* **What you are asked to do**: Please set down only the lines below starting with the line with "This beautiful beanie" and going on through the line with "실수로 케이크 2400개 주문한 편의점", verbatim and without pictures.
───── Exercise data ─────
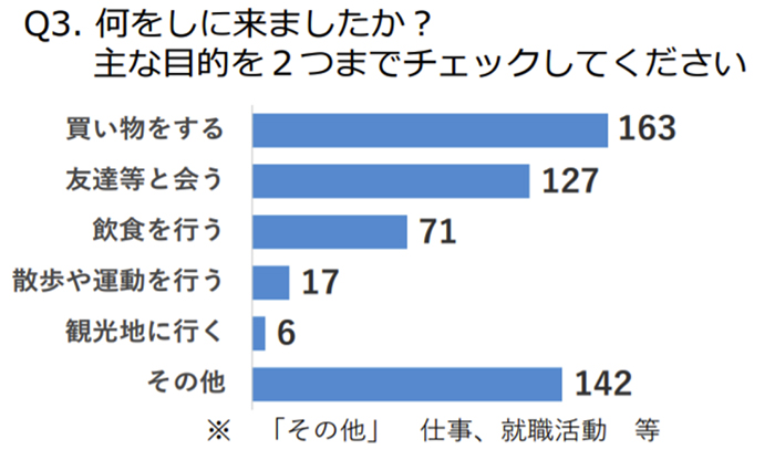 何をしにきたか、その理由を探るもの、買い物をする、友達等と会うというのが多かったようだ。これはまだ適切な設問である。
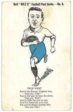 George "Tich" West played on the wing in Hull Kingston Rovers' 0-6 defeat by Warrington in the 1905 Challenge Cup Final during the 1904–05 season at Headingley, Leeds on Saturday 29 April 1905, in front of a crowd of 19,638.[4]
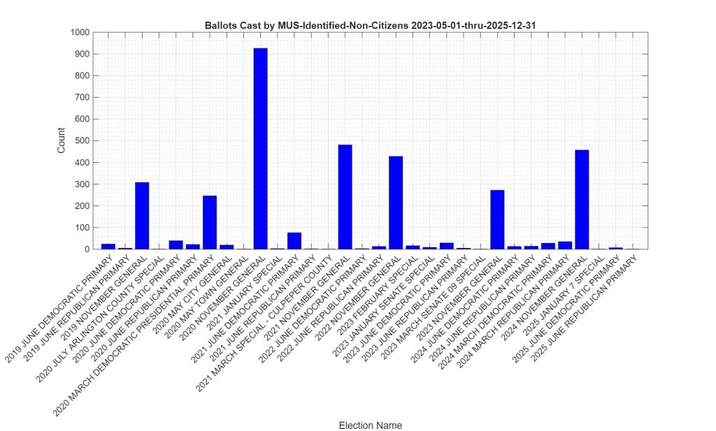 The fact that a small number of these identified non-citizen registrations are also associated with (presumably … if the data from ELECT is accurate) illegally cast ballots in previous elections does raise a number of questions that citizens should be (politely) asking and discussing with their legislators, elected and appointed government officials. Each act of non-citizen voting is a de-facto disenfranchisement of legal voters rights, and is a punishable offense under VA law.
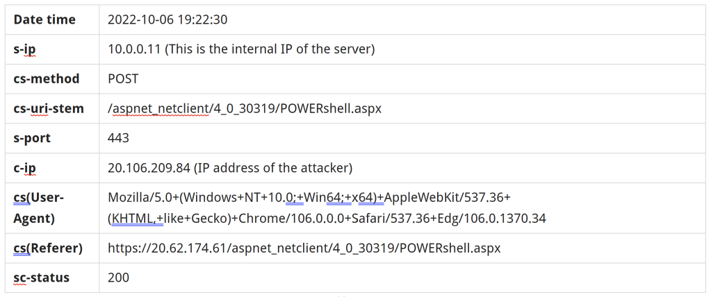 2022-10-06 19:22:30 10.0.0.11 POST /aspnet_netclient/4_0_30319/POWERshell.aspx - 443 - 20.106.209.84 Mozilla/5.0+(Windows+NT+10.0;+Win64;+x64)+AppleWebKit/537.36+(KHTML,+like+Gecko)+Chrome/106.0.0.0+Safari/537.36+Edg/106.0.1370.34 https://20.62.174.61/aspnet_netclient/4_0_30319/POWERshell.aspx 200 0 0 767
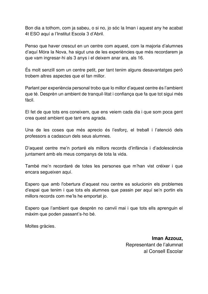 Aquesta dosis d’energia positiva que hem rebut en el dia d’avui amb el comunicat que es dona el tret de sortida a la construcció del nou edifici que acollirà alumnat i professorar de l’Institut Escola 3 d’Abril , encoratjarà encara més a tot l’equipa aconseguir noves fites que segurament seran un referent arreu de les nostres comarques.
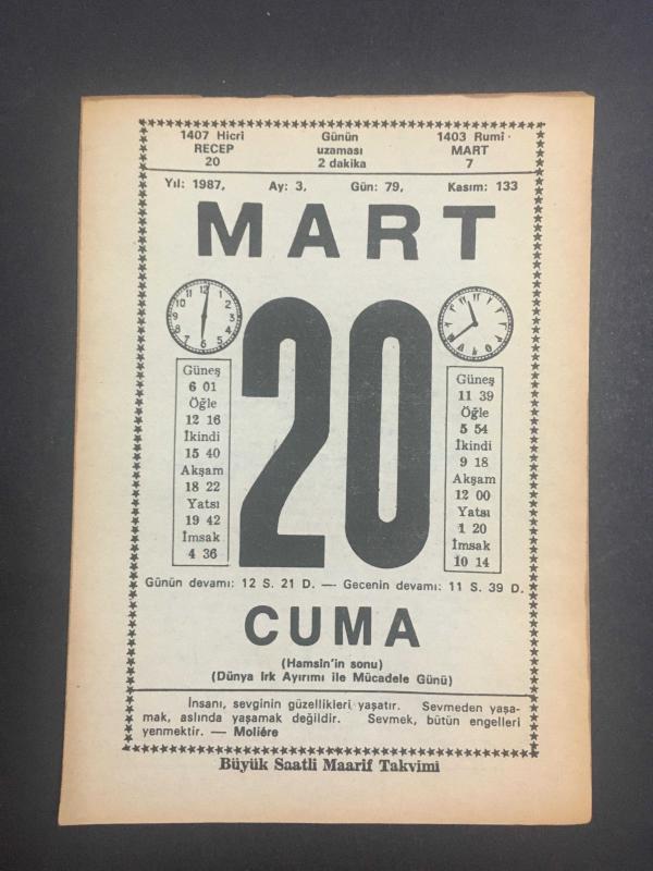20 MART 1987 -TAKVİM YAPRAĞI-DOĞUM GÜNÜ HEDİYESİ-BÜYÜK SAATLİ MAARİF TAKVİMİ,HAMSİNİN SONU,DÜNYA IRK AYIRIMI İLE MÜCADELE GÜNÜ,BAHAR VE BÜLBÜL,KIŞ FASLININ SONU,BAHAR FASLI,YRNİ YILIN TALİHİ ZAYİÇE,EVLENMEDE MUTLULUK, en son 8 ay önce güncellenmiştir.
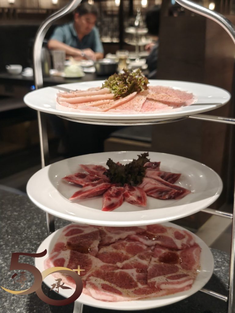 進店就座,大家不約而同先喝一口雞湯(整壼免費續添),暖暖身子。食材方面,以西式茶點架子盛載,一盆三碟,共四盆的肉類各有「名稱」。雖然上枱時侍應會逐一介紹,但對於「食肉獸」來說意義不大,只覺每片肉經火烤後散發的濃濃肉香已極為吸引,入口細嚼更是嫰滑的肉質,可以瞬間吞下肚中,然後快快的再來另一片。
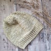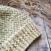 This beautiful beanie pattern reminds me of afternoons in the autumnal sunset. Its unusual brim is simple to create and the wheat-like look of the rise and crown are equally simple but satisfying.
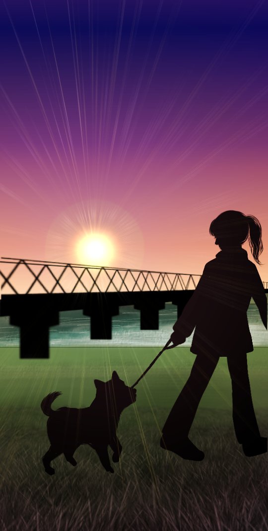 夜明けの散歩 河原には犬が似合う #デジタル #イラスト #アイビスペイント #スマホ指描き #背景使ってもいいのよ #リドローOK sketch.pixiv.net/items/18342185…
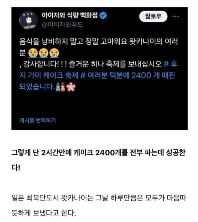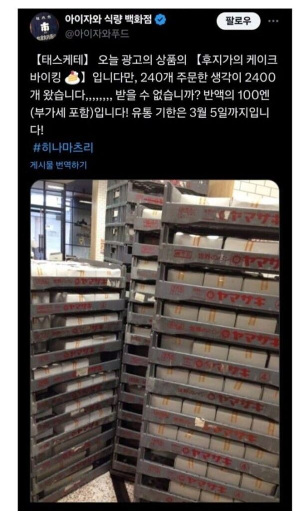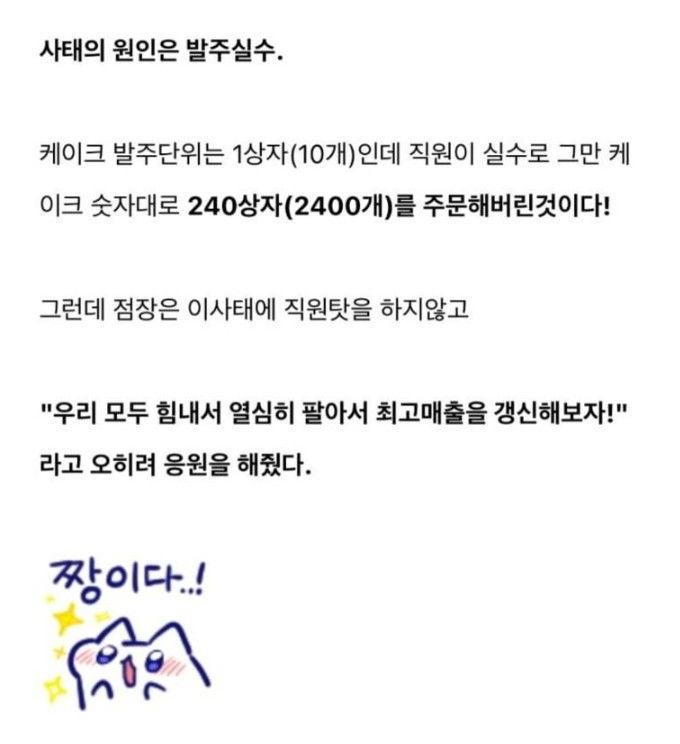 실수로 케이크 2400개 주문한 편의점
─────
───── Exercise data ─────
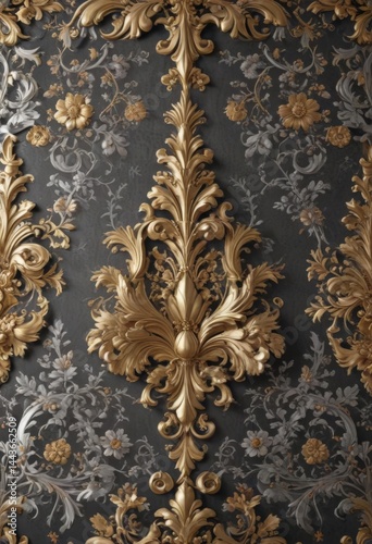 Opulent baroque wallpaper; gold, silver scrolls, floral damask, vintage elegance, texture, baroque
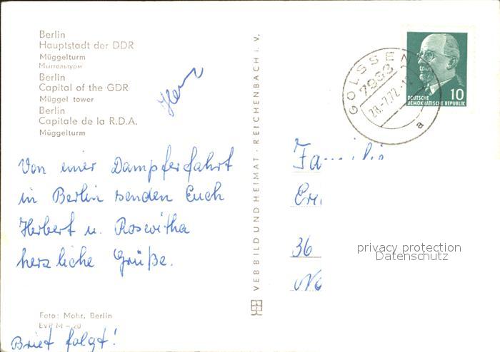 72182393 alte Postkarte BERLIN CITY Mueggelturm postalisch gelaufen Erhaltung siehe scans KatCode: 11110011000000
─────
───── Exercise data ─────
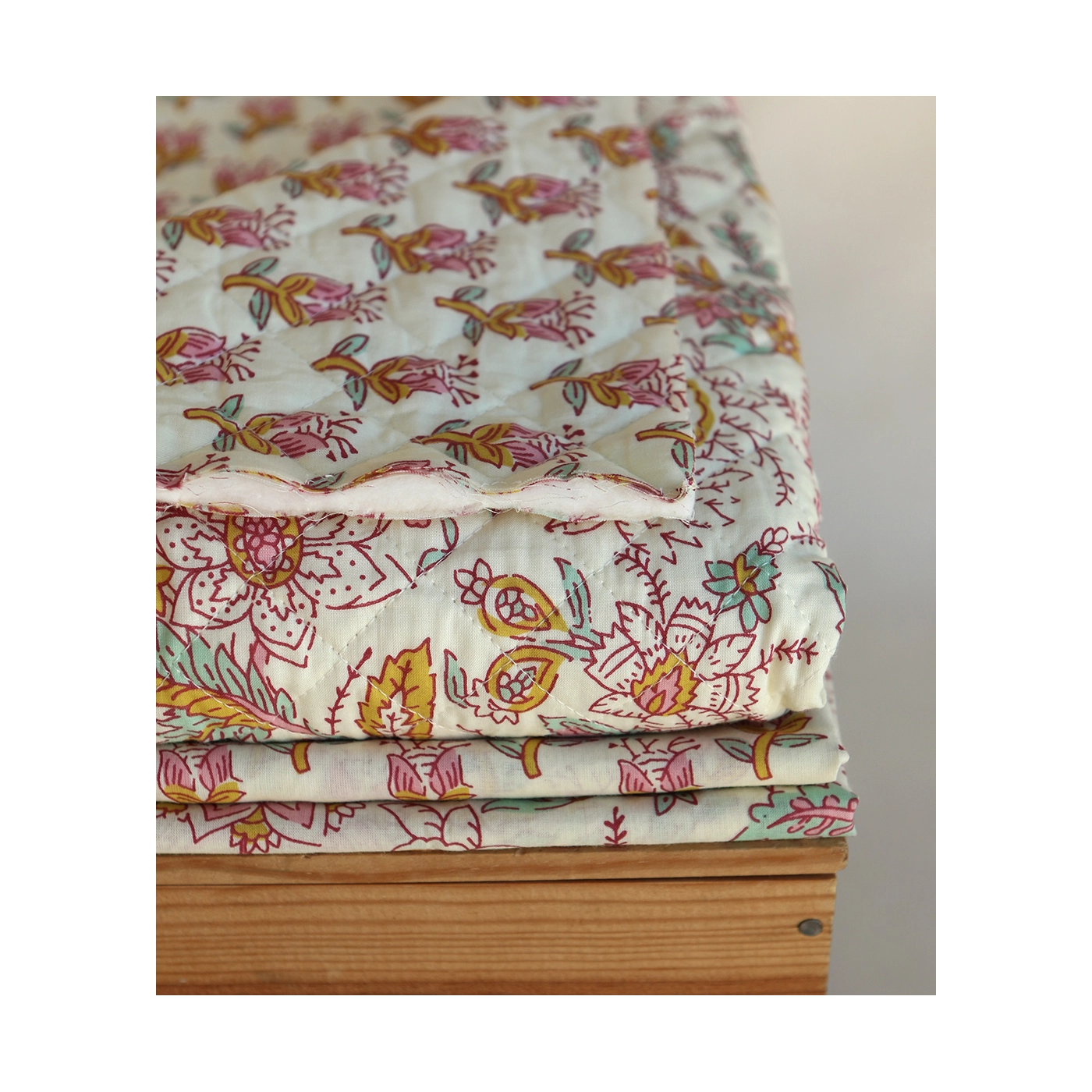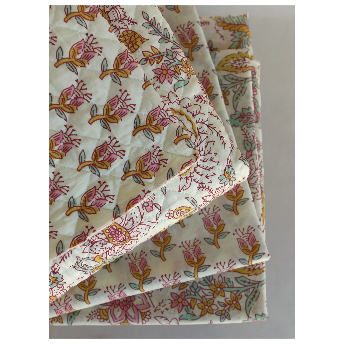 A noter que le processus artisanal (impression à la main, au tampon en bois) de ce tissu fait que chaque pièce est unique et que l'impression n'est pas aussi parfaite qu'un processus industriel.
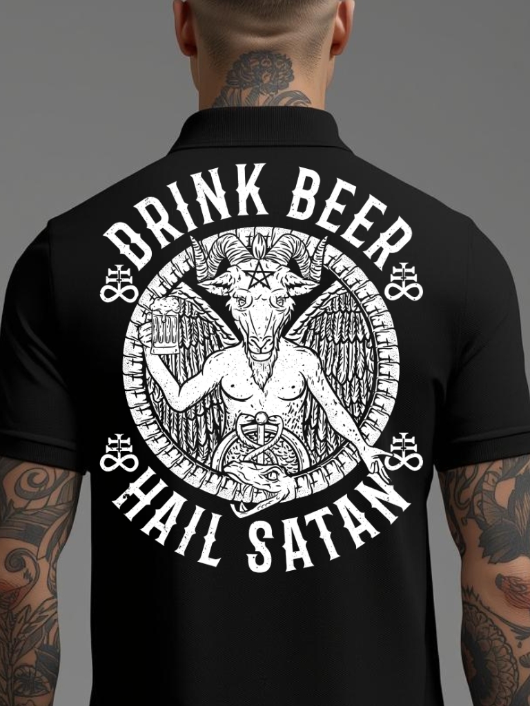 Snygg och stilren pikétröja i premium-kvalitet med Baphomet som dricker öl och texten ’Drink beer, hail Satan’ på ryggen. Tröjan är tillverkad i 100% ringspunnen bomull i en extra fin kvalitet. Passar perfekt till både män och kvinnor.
─────
* **Answer space**:
 This beautiful beanie pattern reminds me of afternoons in the autumnal sunset. Its unusual brim is simple to create and the wheat-like look of the rise and crown are equally simple but satisfying.
 夜明けの散歩 河原には犬が似合う #デジタル #イラスト #アイビスペイント #スマホ指描き #背景使ってもいいのよ #リドローOK sketch.pixiv.net/items/18342185…
 실수로 케이크 2400개 주문한 편의점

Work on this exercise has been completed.